The study estimates a 3.7% failure rate, making these tests, according to the study, "one of the largest, if not the largest known contributing factor to wrongful arrests and convictions in the United States."

This is the ball of cotton candy deputies suspected was meth because the roadside test kit told them so.

Despite that, Georgia police departments and sheriff’s offices continue to use them. And that concerns the executive director of the Georgia Association of Chiefs of Police, Butch Ayers.

"It appears to be that there are a certain amount of false positives," he observed. "And if that’s all the officer is relying on, is just what that test said, then I think that’s a high risk of putting somebody in jail who shouldn’t be there."

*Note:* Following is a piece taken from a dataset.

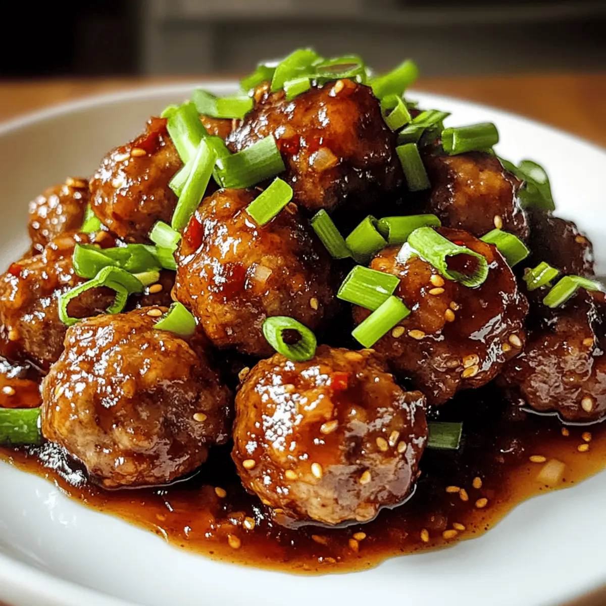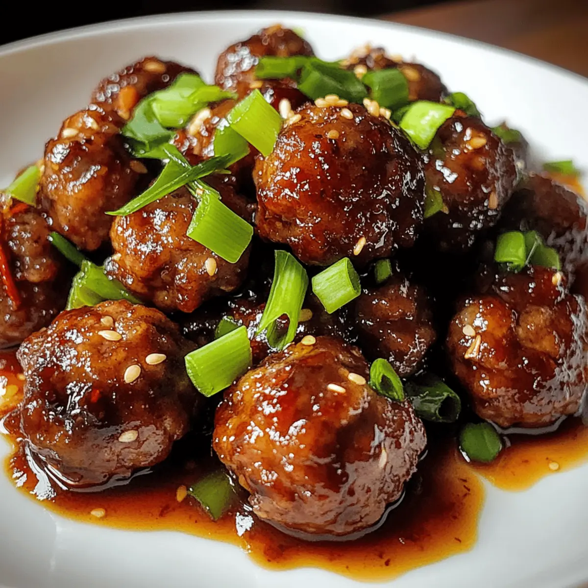Wenn ich an abendliche Kochabenteuer denke, kommen mir oft heitere Bilder von dampfenden Pfannen und dem fröhlichen Geräusch von Zutaten, die zusammenkommen, um etwas Außergewöhnliches zu kreieren. Eine meiner neuesten Entdeckungen sind die würzigen asiatischen Mongolischen Fleischbällchen. Diese sind nicht nur leicht zuzubereiten, sondern auch perfekt für ein schnelles Abendessen, das Eindruck macht. Mit einer Kombination aus herzhaftem Rinderhack, aromatischem Ingwer, und Knoblauch, umhüllt von einer süß-würzigen Sauce, bietet dieses Rezept einen wahren Gaumenschmaus, der unbedingt ausprobiert werden muss. Zudem sind diese köstlichen Fleischbällchen auch glutenfrei und eignen sich hervorragend, um sie mit Freunden oder Familie zu teilen. Bereit, in die aufregende Welt der Mongolischen Fleischbällchen einzutauchen? Lass uns gemeinsam kochen! Warum werden Sie diese Fleischbällchen lieben? Schnelligkeit: In nur 20 Minuten zaubern Sie ein beeindruckendes Gericht auf den Tisch, ideal für hektische Wochentage. Vielseitigkeit: Egal ob als Hauptgericht oder Snack, sie passen perfekt in jede Mahlzeit oder Feier. Aromatischer Geschmack: Die Kombination von Ingwer und Knoblauch bringt die Aromen zum Strahlen, während die süß-würzige Sauce jeden Bissen zum Erlebnis macht. Einfache Zubereitung: Mit nur wenigen Zutaten gelingt der Genuss mühelos, und Anpassungen sind kinderleicht – probieren Sie auch unsere Pistazien Traum Kekse, um etwas Süßes zu ergänzen! Familienfreundlich: Diese Fleischbällchen sind ein Hit bei Groß und Klein, ideal, um die ganze Familie zu erfreuen. Glutenfrei: Mit einfachen Substitutionen bleiben Ihre Gäste glücklich, egal welche diätetischen Einschränkungen vorliegen. Mongolische Fleischbällchen Zutaten Für die Fleischbällchen • Rinderhack – bildet die saftige Basis der Fleischbällchen und sorgt für eine zarte Textur. • Semmelbrösel – helfen, die Fleischbällchen zusammenzuhalten und sorgen für zusätzliche Feuchtigkeit; verwenden Sie glutenfreie Semmelbrösel für eine glutenfreie Variante. • Frühlingszwiebeln – verleihen Frische und Farbe; die weiße Hälfte wird in die Mischung gegeben, die grüne Hälfte dient als Garnitur. • Knoblauch – intensiviert den Geschmack; frischer, gehackter Knoblauch ist am besten. • Ingwer – bringt eine aromatische Note; frischer Ingwer bietet ein lebendigeres Aroma als Pulver. • Ei – wirkt als Bindemittel; ein Leinsamen-Ei kann für eine vegane Option verwendet werden. • Sojasauce – fügt Umami und salzige Tiefe hinzu; für eine glutenfreie Option verwenden Sie Tamari. • Hoisinsauce – sorgt für die süß-würzige Note; reduzieren Sie die Menge für einen weniger süßen Geschmack. • Sesamöl – bringt einen nussigen Geschmack; kann weggelassen oder durch neutrales Öl ersetzt werden. • Salz & Pfeffer – zum Würzen nach Geschmack; verwenden Sie Meersalz für einen reineren Geschmack. • Rote Pfefferflocken – bieten kontrollierte Schärfe, je nach Vorliebe anpassbar; frische Chili können eine andere Schärfe-vorzeigebrin geben. Für die Sauce • Sojasauce – wichtig für den Geschmack des Saucen; wie oben erwähnt. • Brauner Zucker – balanciert die Aromen von süß und würzig; verwenden Sie Kokoszucker für eine niedrigere Blutzuckerreaktion. • Maisstärke – verdickt die Sauce für eine glatte Konsistenz; mit Wasser verdünnen, um Klumpen zu vermeiden. • Zusätzlicher Ingwer & Knoblauch – intensiviert den Geschmack der Sauce. • Sesamöl & Rote Pfefferflocken – bringen Tiefe und Wärme in die Sauce. Step-by-Step Instructions for Würzige mongolische Fleischbällchen Step 1: Ofen vorheizen Heizen Sie den Ofen auf 200 °C (400 °F) vor. Legen Sie ein Backblech mit Backpapier aus, um ein Anhaften der Fleischbällchen zu verhindern. Dies sorgt dafür, dass die würzigen mongolischen Fleischbällchen beim Backen gleichmäßig garen und schön goldbraun werden. Step 2: Fleischbällchen vorbereiten In einer großen Schüssel kombinieren Sie das Rinderhack, die Semmelbrösel, die gehackten Frühlingszwiebeln, den Knoblauch, den Ingwer, das Ei, die Sojasauce, die Hoisinsauce, das Sesamöl, Salz, Pfeffer und die roten Pfefferflocken. Mischen Sie alles gründlich, bis eine homogene Masse entsteht. Achten Sie darauf, nicht zu fest zu drücken, um die Zartheit der fleischigen Mischung zu bewahren. Step 3: Fleischbällchen formen Formen Sie aus der Mischung kleine Bällchen von etwa einem Zoll Durchmesser und legen Sie diese gleichmäßig auf das vorbereitete Backblech. Lassen Sie dabei ausreichend Platz zwischen den einzelnen Fleischbällchen, damit sie beim Backen gleichmäßig garen und nicht aneinanderkleben. Step 4: Fleischbällchen backen Backen Sie die Fleischbällchen im vorgeheizten Ofen für 15-20 Minuten, bis sie goldbraun und durchgegart sind. Sie sollten außen knusprig und innen saftig sein. Überprüfen Sie die Garstufe, indem Sie eines der Fleischbällchen leicht aufschneiden: Der Innenbereich sollte nicht mehr rosa sein. Step 5: Sauce zubereiten In einem kleinen Topf Sojasauce, Wasser und braunen Zucker bei mittlerer Hitze vermengen. Rühren Sie, bis der Zucker vollständig aufgelöst ist. Diese aromatische Basis wird die würzigen mongolischen Fleischbällchen perfekt ergänzen und sorgt für eine köstliche Sauce. Step 6: Sauce andicken In einer separaten Schüssel eine Mischung aus Maisstärke und Wasser herstellen, um eine slurry zu erstellen. Fügen Sie diese Mischung in die Sauce im Topf hinzu, zusammen mit zusätzlichem Ingwer, Knoblauch, Sesamöl und roten Pfefferflocken. Rühren Sie die Sauce 1-2 Minuten lang, bis sie dick und glänzend wird. Step 7: Anrichten und servieren Gießen Sie die dicke Sauce über die frisch gebackenen Fleischbällchen in einer Servierschale. Garnieren Sie das Gericht mit den reservierten grünen Frühlingszwiebeln und optional mit Sesamkörnern. Die würzigen mongolischen Fleischbällchen sind jetzt berei

The FOX 5 I-Team asked Ayers to poll his 700-plus membership. More than 100 responded by our deadline. Sixty-eight percent said they still use roadside drug tests. But only 26% said they had a policy requiring additional evidence before making an arrest.

Butch Ayers with the Georgia Association of Chiefs of Police plans to include warnings about the reliability of roadside test kits to his 700+ membership

The study's author said Georgia is also the only state in the country where case law allows the results of a roadside test to be used at trial. The FOX 5 I-Team could find no examples of a case where the roadside test was the only evidence presented by prosecutors.

Miller believes requiring extra evidence -- along with better auditing of the results -- will ultimately be what it takes to avoid more people going to jail for the simple possession of vitamins and cotton candy. 

"That combination of reforms could significantly reduce or eliminate the issues that are stemming from these tests," Miller said.

 The FOX 5 I-Team reached out to the two biggest manufacturers of these tests to comment on the Penn Law School study. Neither Sirchie nor Safariland responded.